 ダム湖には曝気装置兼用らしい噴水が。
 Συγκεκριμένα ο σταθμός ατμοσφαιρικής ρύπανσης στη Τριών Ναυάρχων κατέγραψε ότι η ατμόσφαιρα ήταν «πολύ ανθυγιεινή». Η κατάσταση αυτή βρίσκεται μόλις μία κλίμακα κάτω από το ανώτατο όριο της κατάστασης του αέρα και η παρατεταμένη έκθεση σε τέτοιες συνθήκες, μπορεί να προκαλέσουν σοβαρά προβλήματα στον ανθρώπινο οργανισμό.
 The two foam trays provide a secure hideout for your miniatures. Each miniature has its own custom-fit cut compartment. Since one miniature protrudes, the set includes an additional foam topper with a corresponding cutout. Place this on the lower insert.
* * *
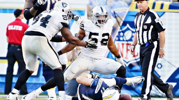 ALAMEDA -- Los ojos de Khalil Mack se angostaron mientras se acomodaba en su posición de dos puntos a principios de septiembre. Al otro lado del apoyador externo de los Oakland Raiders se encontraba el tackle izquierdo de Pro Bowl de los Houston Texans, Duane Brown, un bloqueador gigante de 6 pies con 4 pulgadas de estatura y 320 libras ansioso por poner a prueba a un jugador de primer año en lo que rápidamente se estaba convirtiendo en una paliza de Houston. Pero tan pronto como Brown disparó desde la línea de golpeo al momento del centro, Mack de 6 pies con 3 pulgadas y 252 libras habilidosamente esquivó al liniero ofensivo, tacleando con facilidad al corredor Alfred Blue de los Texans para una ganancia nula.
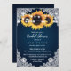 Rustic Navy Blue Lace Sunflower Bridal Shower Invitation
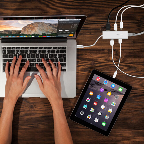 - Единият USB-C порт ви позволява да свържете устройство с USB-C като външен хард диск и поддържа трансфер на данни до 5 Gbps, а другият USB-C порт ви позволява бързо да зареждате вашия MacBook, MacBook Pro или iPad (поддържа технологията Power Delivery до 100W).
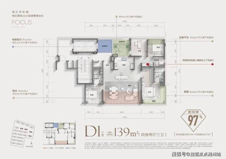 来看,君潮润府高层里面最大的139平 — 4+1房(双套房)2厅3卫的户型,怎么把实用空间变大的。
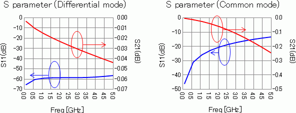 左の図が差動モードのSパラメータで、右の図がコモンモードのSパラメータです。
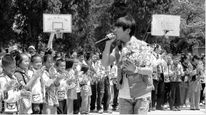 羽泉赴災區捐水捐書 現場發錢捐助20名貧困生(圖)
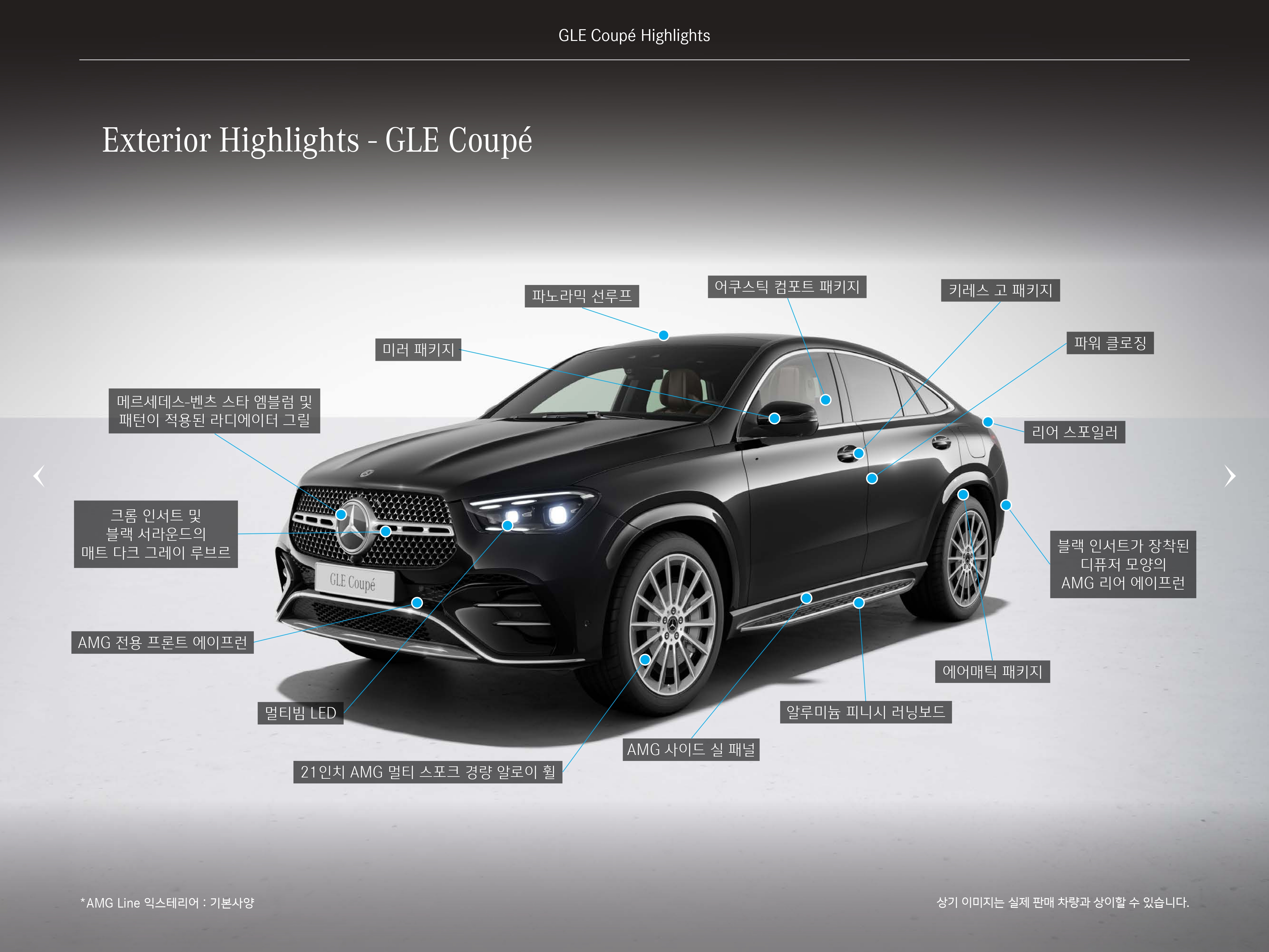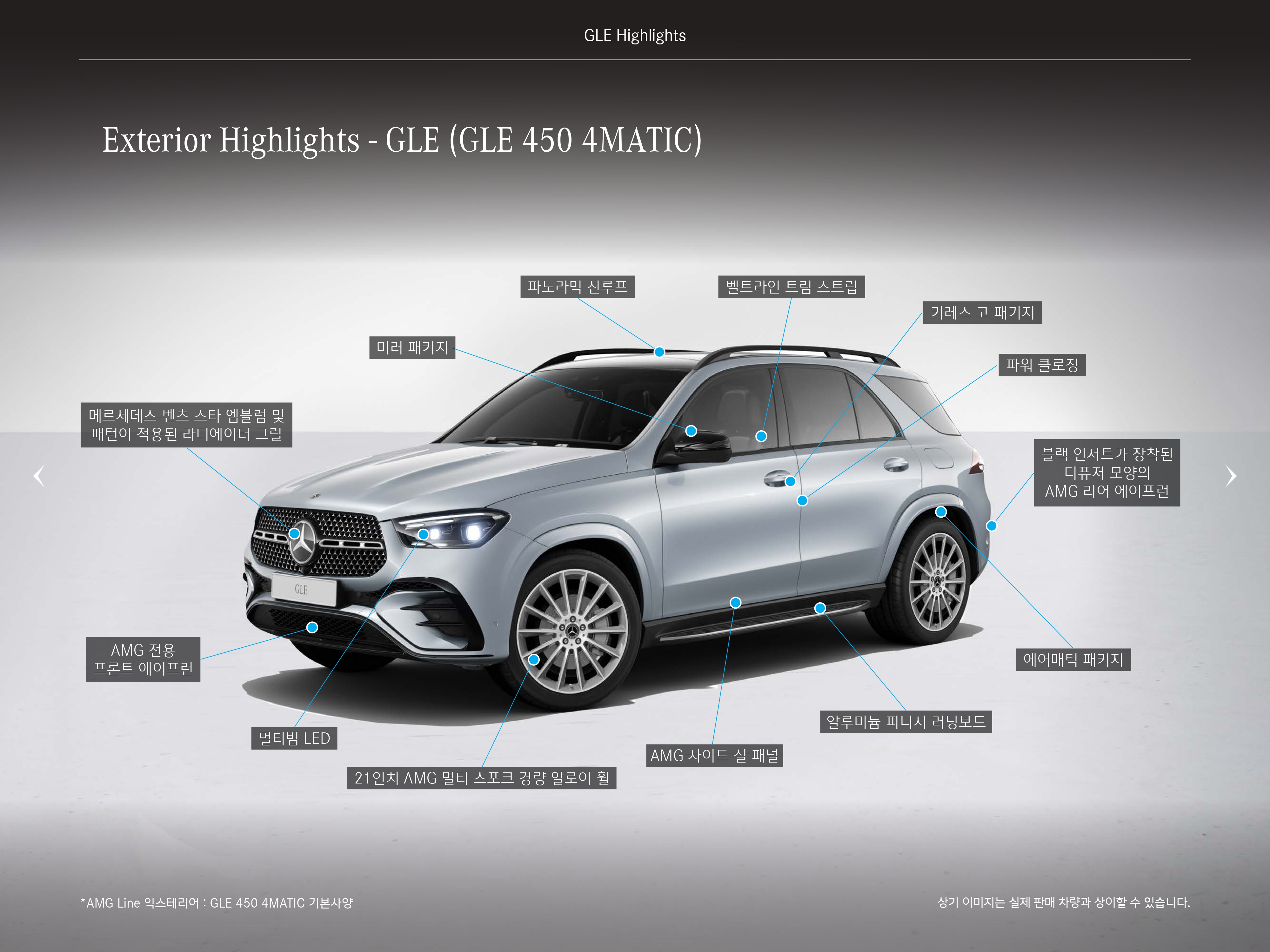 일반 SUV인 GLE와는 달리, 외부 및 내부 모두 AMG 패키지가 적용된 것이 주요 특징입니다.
---
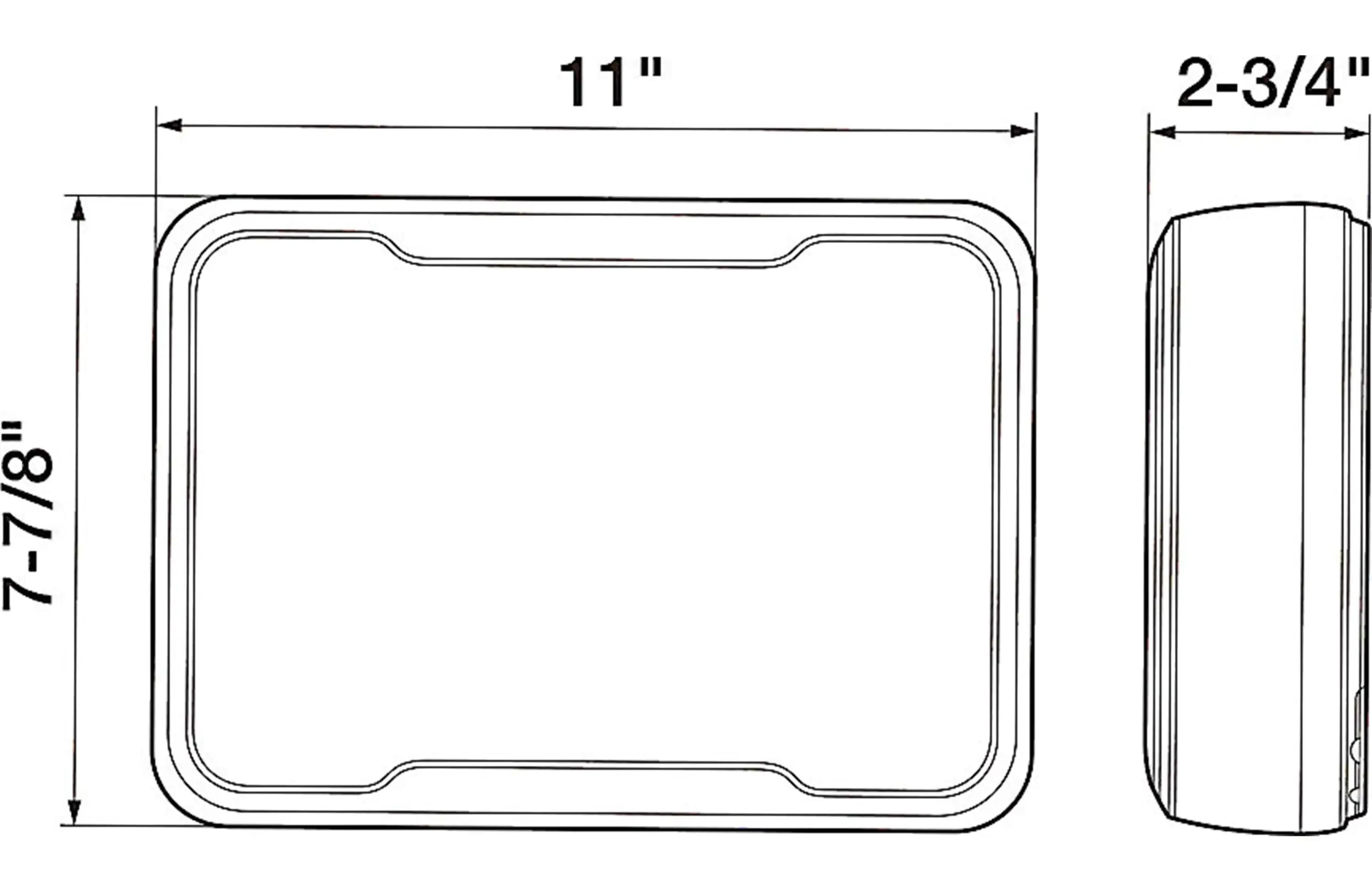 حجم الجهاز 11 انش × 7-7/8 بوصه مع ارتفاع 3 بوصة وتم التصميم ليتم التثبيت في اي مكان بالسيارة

• _TASK DESCRIPTION_:
Transcribe the records above from the line holding "ダム湖には曝気装置兼用らしい噴水が。" down to the line holding "The two foam", inclusive, without adding anything.

• _WRITTEN REPLY_:
 ダム湖には曝気装置兼用らしい噴水が。
 Συγκεκριμένα ο σταθμός ατμοσφαιρικής ρύπανσης στη Τριών Ναυάρχων κατέγραψε ότι η ατμόσφαιρα ήταν «πολύ ανθυγιεινή». Η κατάσταση αυτή βρίσκεται μόλις μία κλίμακα κάτω από το ανώτατο όριο της κατάστασης του αέρα και η παρατεταμένη έκθεση σε τέτοιες συνθήκες, μπορεί να προκαλέσουν σοβαρά προβλήματα στον ανθρώπινο οργανισμό.
 The two foam trays provide a secure hideout for your miniatures. Each miniature has its own custom-fit cut compartment. Since one miniature protrudes, the set includes an additional foam topper with a corresponding cutout. Place this on the lower insert.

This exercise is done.